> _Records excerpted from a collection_

□ □ □ □ □ □ □

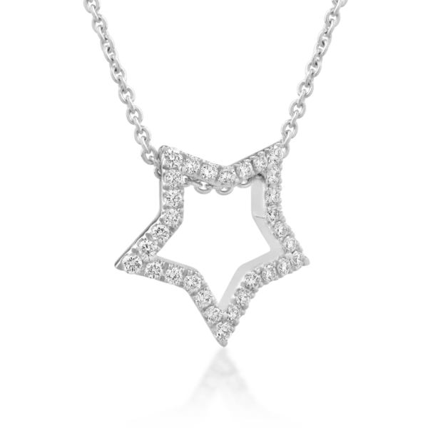 Lant cu pandantiv stea din aur alb cu diamante de 0.23ct
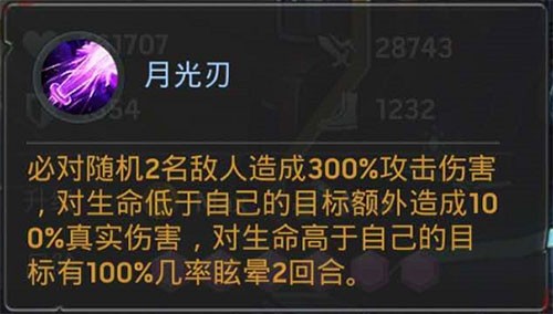 一技能可对随机两名敌人造成高额伤害,若目标血量低于自身,则附加100%真实伤害;若高于自身,则施加100%眩晕效果,攻防兼备,压制力极强。
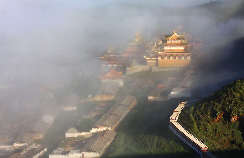 登上索克藏寺背后播箭的山頂,運(yùn)眺索克藏寺『索格藏寺藏語為“扎西特欽倫”,意為吉祥大乘洲,位于九曲黃河第一灣處。始建于1658年,面積7.6萬平方米,僧侶200余人。版權(quán)所有山東聊城聊之旅國際旅行社有限公司,轉(zhuǎn)載必究!寺院建筑、宏偉壯觀,各殿陳列有金、銀、木、泥質(zhì)的佛像、神像千余尊』。和九曲黃河第一彎,黃河仿佛從天邊曲曲繞繞一路走來,沒有氣勢(shì)磅礴,沒有濁浪滔天,聽不到驚濤拍岸的濤聲,也看不到高出地表的堤岸,始終情意綿綿地彎曲迂回于唐克金銀灘,猶如一道道流暢的飄帶。
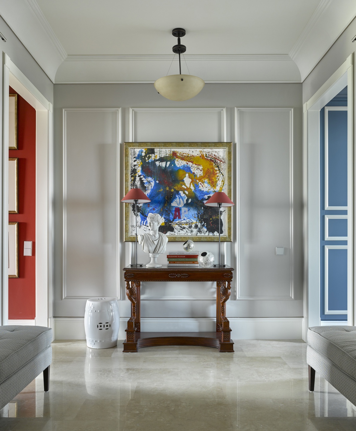 Холл выполнен в нейтральной колористике. Синий коридор справа ведет в госитную, красный слева – в приватную часть квартиры. Настольные лампы, Stéphane Davidts. Картина «Кармен-сюита» художницы Лики Волчек. Плоскость стен организована с помощью тонких молдингов от Orac Decor, поставщик «Ампир Декор».
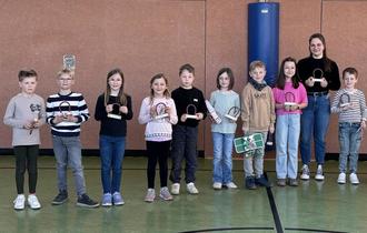 Die beste Springerin der Schule war Mathea Auth aus der Klasse 3a mit 15400 Seilsprüngen. Bester Springer der Schule war Benedikt Nüchter aus der Klasse 3b mit 20125 Seilsprüngen. Für den Einsatz gab es wundervolle Pokale für alle Klassensieger.
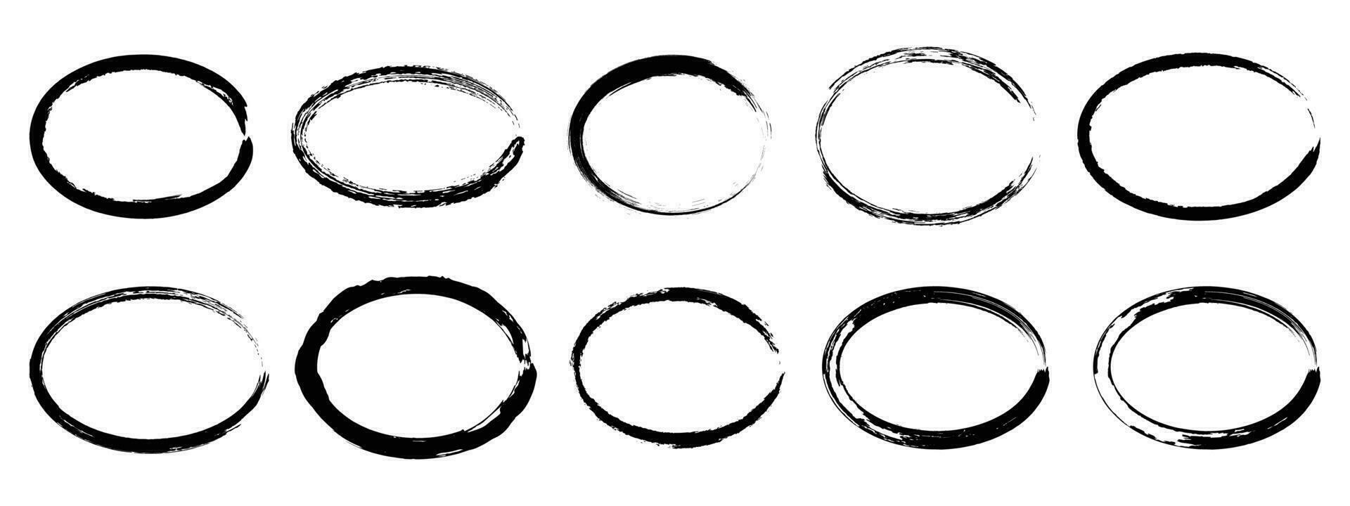 Set of ellipse frames form, grunge design elements with distress texture. Black brush stroke. Vector illustration isolated on white background. Pro Vector
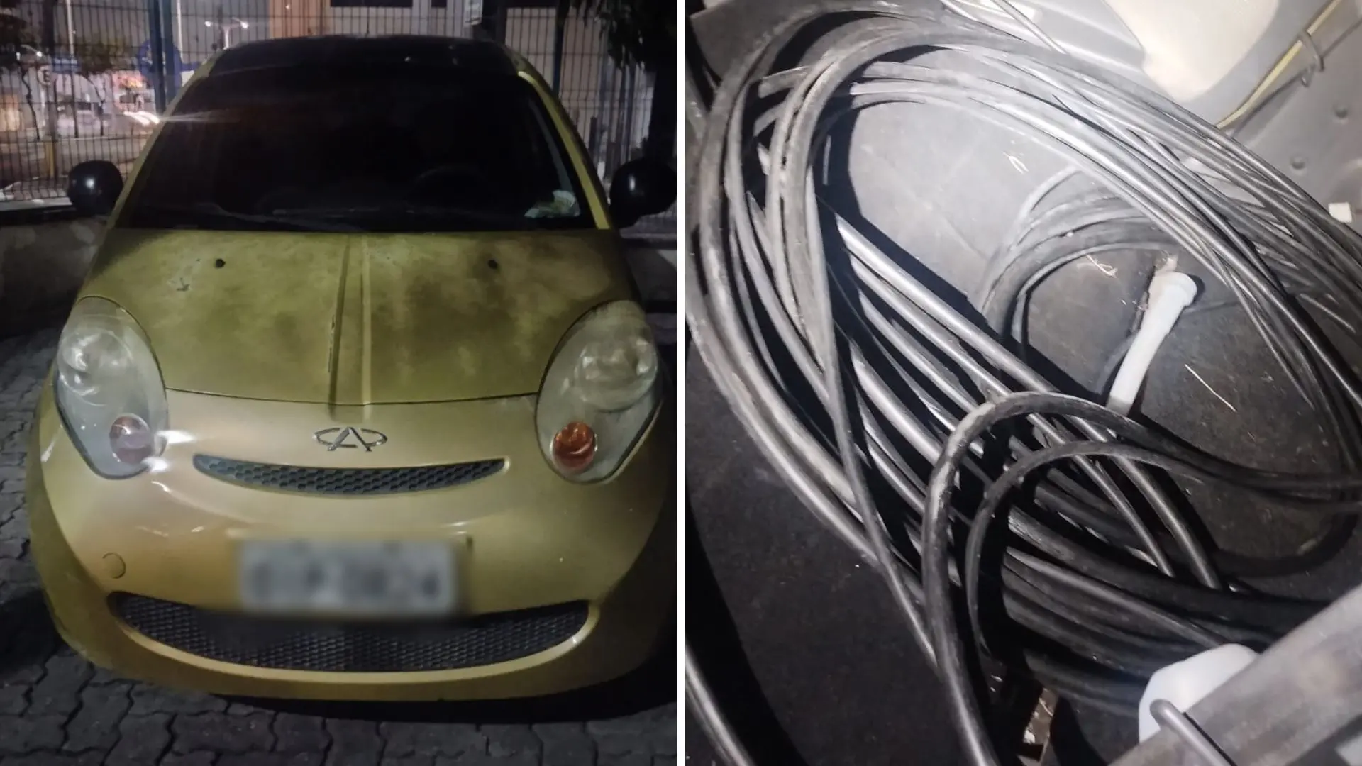 Três homens foram presos em flagrante por furto de cabos de telefonia, na última terça-feira (13), no bairro José Walter, em Fortaleza. Na ação, os policiais apreenderam ainda um carro e outros materiais utilizados no crime, como serra, faca, tesoura e alicate.
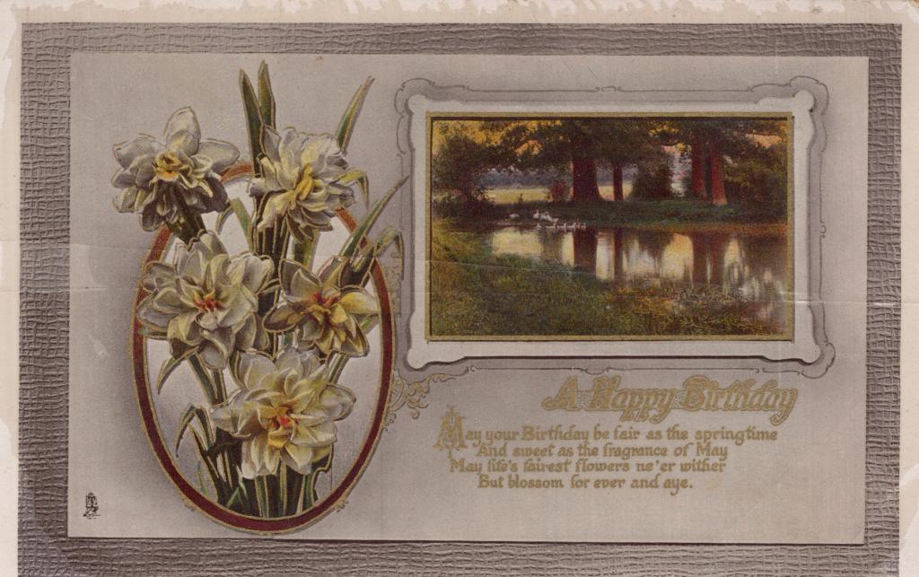 c. 1913Postcard showing a decorated birthday card. There is a landscape scene seen on the card. Flowers are also seen. The text 'A Happy Birthday' and 'May your Birthday be fair as the springtime And sweet as the fragnance of May May life's fairest flowers ne'er witfier But blossom for ever and aye.' is seen on the card.
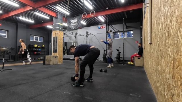 195 тренировка Навык 10ЕМОМ практика выхода на турнике Техника Каждые 90 секунд, 3 подхода: 5 взятие в стойку+швунг тнг 60% Каждые 90 секунд, 3 подхода: 2 взятие в стойку тнг+толчковый швунг тнг 80% Каждые 90 секунд, 3-5 подхода: 1 взятие в сед+толчковый швунг/ножницы 90% Каждые 120 секунд, 4 подхода: 1 взятие в стойку+с виса в сед+1 жимовой швунг+1 толчковый швунг/ножжницы тнг 90% * 60 (кг) Комплекс 4 интервала Максимум боковых берпи в отскок через гантель Максимум взятие с виса+швунг гантели одной рукой 4х5 м выпады 3 мин отдых Минимум 10 берпи, максимум 30. Смена рук каждый раунд. Минимум 8 взятие+швунг, максимум 25. Выпады сразу после взятие+швунг 30 (повторения) 30 (повторения) 30 (повторения) 30 (повторения)
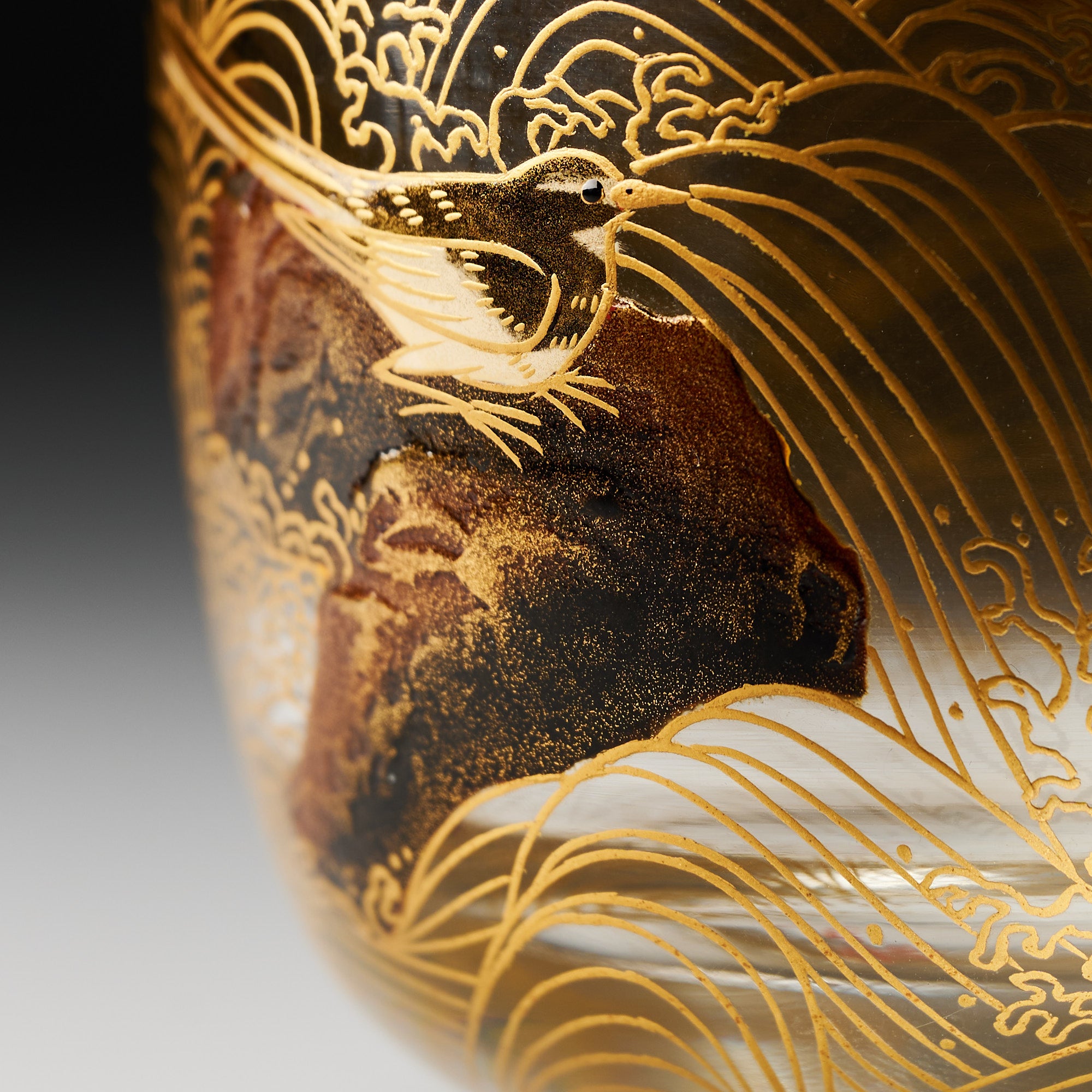 Another piece, Wagtails at the Waterfall Natsume Matcha Container, conveys a similar duality. It depicts a summer landscape of Japan, where a waterfall cascades between verdant maple leaves, evoking a sense of coolness and clarity. Viewed from the outside, the scene is rendered in deep, natural tones, while the inner side of the lid bursts into vivid colors, as if illuminated by light itself.
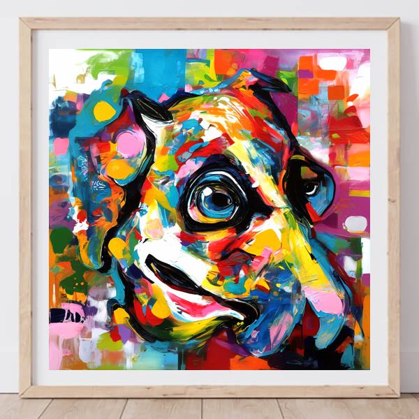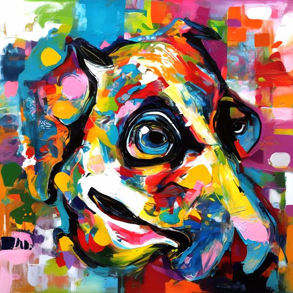 AI アートでは通常 A6 サイズ相当くらい (縦横 500〜1000 ピクセルくらい) の荒い画像しかつくれないので,超解像という技術をつかって原画より解像度を 4〜8 倍に (こまかく) しています. ただし,上の商品画像の解像度は原画と同程度なのでご注意ください.
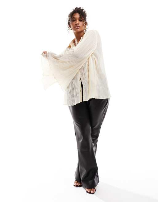 ASOS DESIGN Curve - Metallic overhemd met kreukels in crème

□ □ □ □ □ □ □

> _Activity_
Each record must be set down again without alteration, and no picture may be carried over.

> _Solution to the problem_
 Lant cu pandantiv stea din aur alb cu diamante de 0.23ct
 一技能可对随机两名敌人造成高额伤害,若目标血量低于自身,则附加100%真实伤害;若高于自身,则施加100%眩晕效果,攻防兼备,压制力极强。
 登上索克藏寺背后播箭的山頂,運(yùn)眺索克藏寺『索格藏寺藏語為“扎西特欽倫”,意為吉祥大乘洲,位于九曲黃河第一灣處。始建于1658年,面積7.6萬平方米,僧侶200余人。版權(quán)所有山東聊城聊之旅國際旅行社有限公司,轉(zhuǎn)載必究!寺院建筑、宏偉壯觀,各殿陳列有金、銀、木、泥質(zhì)的佛像、神像千余尊』。和九曲黃河第一彎,黃河仿佛從天邊曲曲繞繞一路走來,沒有氣勢(shì)磅礴,沒有濁浪滔天,聽不到驚濤拍岸的濤聲,也看不到高出地表的堤岸,始終情意綿綿地彎曲迂回于唐克金銀灘,猶如一道道流暢的飄帶。
 Холл выполнен в нейтральной колористике. Синий коридор справа ведет в госитную, красный слева – в приватную часть квартиры. Настольные лампы, Stéphane Davidts. Картина «Кармен-сюита» художницы Лики Волчек. Плоскость стен организована с помощью тонких молдингов от Orac Decor, поставщик «Ампир Декор».
 Die beste Springerin der Schule war Mathea Auth aus der Klasse 3a mit 15400 Seilsprüngen. Bester Springer der Schule war Benedikt Nüchter aus der Klasse 3b mit 20125 Seilsprüngen. Für den Einsatz gab es wundervolle Pokale für alle Klassensieger.
 Set of ellipse frames form, grunge design elements with distress texture. Black brush stroke. Vector illustration isolated on white background. Pro Vector
 Três homens foram presos em flagrante por furto de cabos de telefonia, na última terça-feira (13), no bairro José Walter, em Fortaleza. Na ação, os policiais apreenderam ainda um carro e outros materiais utilizados no crime, como serra, faca, tesoura e alicate.
 c. 1913Postcard showing a decorated birthday card. There is a landscape scene seen on the card. Flowers are also seen. The text 'A Happy Birthday' and 'May your Birthday be fair as the springtime And sweet as the fragnance of May May life's fairest flowers ne'er witfier But blossom for ever and aye.' is seen on the card.
 195 тренировка Навык 10ЕМОМ практика выхода на турнике Техника Каждые 90 секунд, 3 подхода: 5 взятие в стойку+швунг тнг 60% Каждые 90 секунд, 3 подхода: 2 взятие в стойку тнг+толчковый швунг тнг 80% Каждые 90 секунд, 3-5 подхода: 1 взятие в сед+толчковый швунг/ножницы 90% Каждые 120 секунд, 4 подхода: 1 взятие в стойку+с виса в сед+1 жимовой швунг+1 толчковый швунг/ножжницы тнг 90% * 60 (кг) Комплекс 4 интервала Максимум боковых берпи в отскок через гантель Максимум взятие с виса+швунг гантели одной рукой 4х5 м выпады 3 мин отдых Минимум 10 берпи, максимум 30. Смена рук каждый раунд. Минимум 8 взятие+швунг, максимум 25. Выпады сразу после взятие+швунг 30 (повторения) 30 (повторения) 30 (повторения) 30 (повторения)
 Another piece, Wagtails at the Waterfall Natsume Matcha Container, conveys a similar duality. It depicts a summer landscape of Japan, where a waterfall cascades between verdant maple leaves, evoking a sense of coolness and clarity. Viewed from the outside, the scene is rendered in deep, natural tones, while the inner side of the lid bursts into vivid colors, as if illuminated by light itself.
 AI アートでは通常 A6 サイズ相当くらい (縦横 500〜1000 ピクセルくらい) の荒い画像しかつくれないので,超解像という技術をつかって原画より解像度を 4〜8 倍に (こまかく) しています. ただし,上の商品画像の解像度は原画と同程度なのでご注意ください.
 ASOS DESIGN Curve - Metallic overhemd met kreukels in crème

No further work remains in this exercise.